Tank A contains 80 gallons of water in which 20 pounds of salt has been dissolved. Tank B contains 30 gallons of water in which 5 pounds of salt has been dissolved. A brine mixture with a concentration of 0.5 pounds of salt per gallon of water is pumped into tank A at the rate of 4 gallons per minute. The well-mixed solution is then pumped from tank A to tank B at the rate of 6 gallons per minute. The solution from tank B is also pumped through another pipe into tank A at the rate of 2 gallons per minute, and the solution from tank B is also pumped out of the system at the rate of 4 gallons per minute. The correct differential equations with initial conditions for the amounts, \( x(t) \) and \( y(t) \), of salt in tanks A and B, respectively, at time \( t \) are Select the correct answer. \( \frac{d x}{d t}=2-\frac{x}{40}+\frac{y}{5}, \frac{d y}{d t}=\frac{x}{40}-\frac{y}{3}, x(0)=20, y(0)=5 \) \( \frac{d x}{d t}=2-\frac{3 x}{40}+\frac{y}{15}, \frac{d y}{d t}=\frac{3 x}{40}-\frac{y}{5}, x(0)=20, y(0)=5 \) \( \frac{d x}{d t}=4-\frac{3 x}{40}+\frac{y}{15}, \frac{d y}{d t}=\frac{3 x}{40}-\frac{y}{5}, x(0)=20, y(0)=5 \) \( \frac{d x}{d t}=4-\frac{x}{40}+\frac{y}{5}, \frac{d y}{d t}=\frac{x}{40}-\frac{y}{3}, x(0)=20, y(0)=5 \) \( \frac{d x}{d t}=2-\frac{3 x}{40}+\frac{y}{5}, \frac{d y}{d t}=\frac{x}{40}-\frac{y}{5}, x(0)=20, y(0)=5 \) \( x \)

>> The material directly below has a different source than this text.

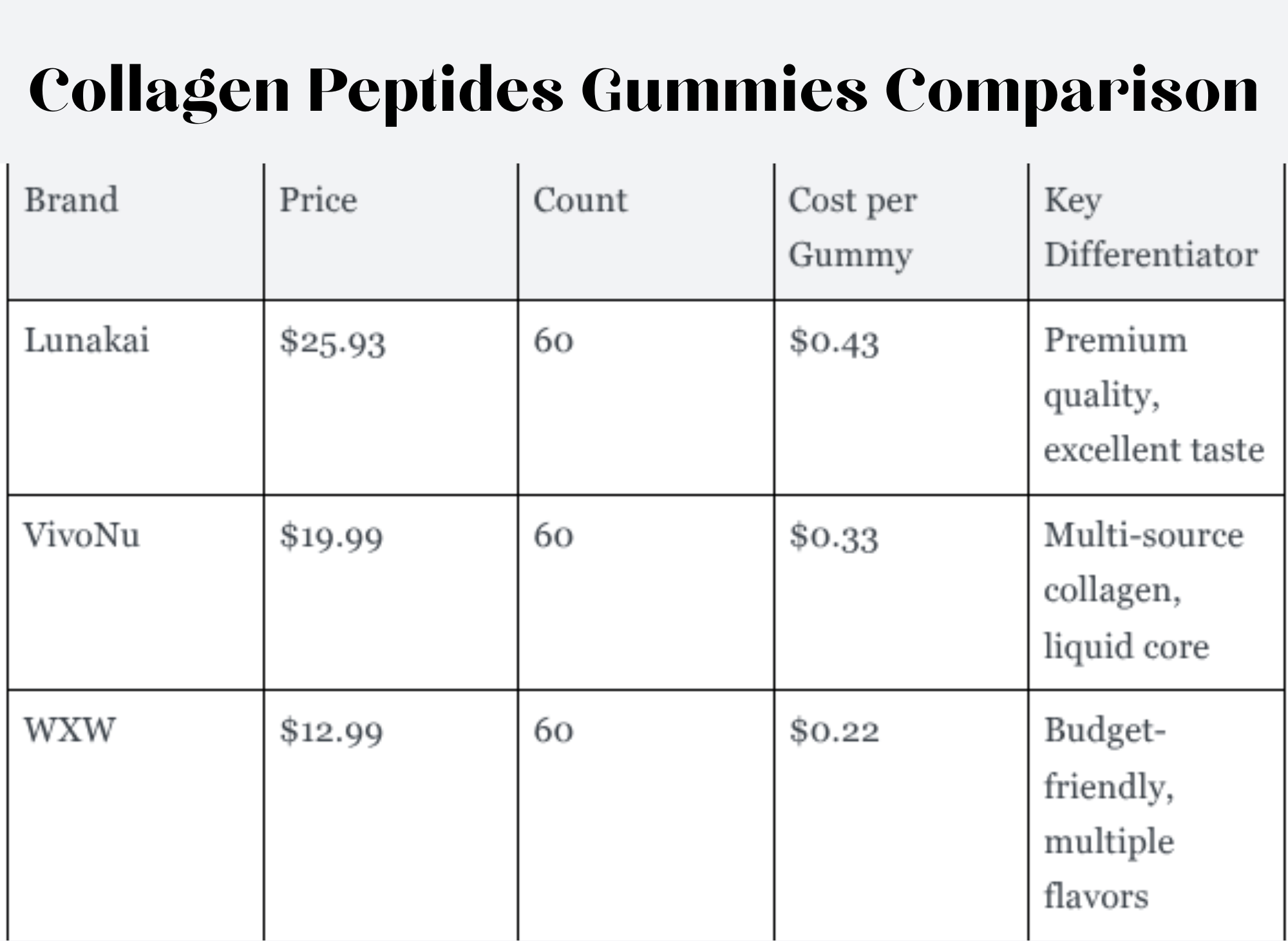 This comprehensive guide examines everything you need to know about collagen peptide gummies, providing a detailed look at popular brands such as Lunakai, VivoNu, and WXW, which can be particularly helpful in making an informed decision.

We begin by letting x(t) be the amount of salt (in pounds) in tank A at time t (in minutes) and y(t) be the amount of salt in tank B at time t. Step 1. Determine the volume in each tank. • Tank A: Initially 80 gallons. It receives 4 gal/min from an external brine (with 0.5 lb/gal) plus 2 gal/min from tank B, and it sends out 6 gal/min to tank B. Thus, its volume is constant:   Net flow = 4 + 2 – 6 = 0. • Tank B: Initially 30 gallons. It receives 6 gal/min from tank A, and it sends out 2 gal/min back to A and 4 gal/min out of the system. Its net flow is also 0. So, the volumes remain constant:  Tank A: 80 gallons  Tank B: 30 gallons Step 2. Write the salt balance for Tank A. Salt is added and removed as follows: • Inflow from external brine: 4 gal/min × 0.5 lb/gal = 2 lb/min. • Inflow from Tank B: The salt concentration in Tank B is y/30, and the inflow is 2 gal/min, so salt added = 2(y/30) = y/15. • Outflow to Tank B: The salt concentration in Tank A is x/80, and the outflow is 6 gal/min, so salt removed = 6(x/80) = (3x)/40. Thus, the differential equation for Tank A is:   dx/dt = (salt in) – (salt out)   dx/dt = 2 + (y/15) – (3x/40). Step 3. Write the salt balance for Tank B. Salt is added and removed as follows: • Inflow from Tank A: The salt concentration in Tank A is x/80 and the inflow is 6 gal/min, so salt added = 6(x/80) = (3x)/40. • Outflow from Tank B: There are two outlets:   – 2 gal/min to Tank A: Salt removed = 2(y/30) = y/15.   – 4 gal/min out of the system: Salt removed = 4(y/30) = 2y/15.   Total salt removed = y/15 + 2y/15 = y/5. Thus, the differential equation for Tank B is:   dy/dt = (salt in) – (salt out)   dy/dt = (3x/40) – (y/5). The initial amounts are given:  x(0) = 20 pounds  y(0) = 5 pounds Step 4. Match with the answer choices. We obtained:  dx/dt = 2 – (3x/40) + (y/15),  dy/dt = (3x/40) – (y/5), with initial conditions: x(0)=20, y(0)=5. This corresponds to the second option:  “dx/dt = 2 – (3x)/40 + (y)/15, dy/dt = (3x)/40 – (y)/5, x(0)=20, y(0)=5." Thus, the correct answer is:  dx/dt = 2 – (3x)/40 + (y)/15, dy/dt = (3x)/40 – (y)/5, with x(0)=20, y(0)=5.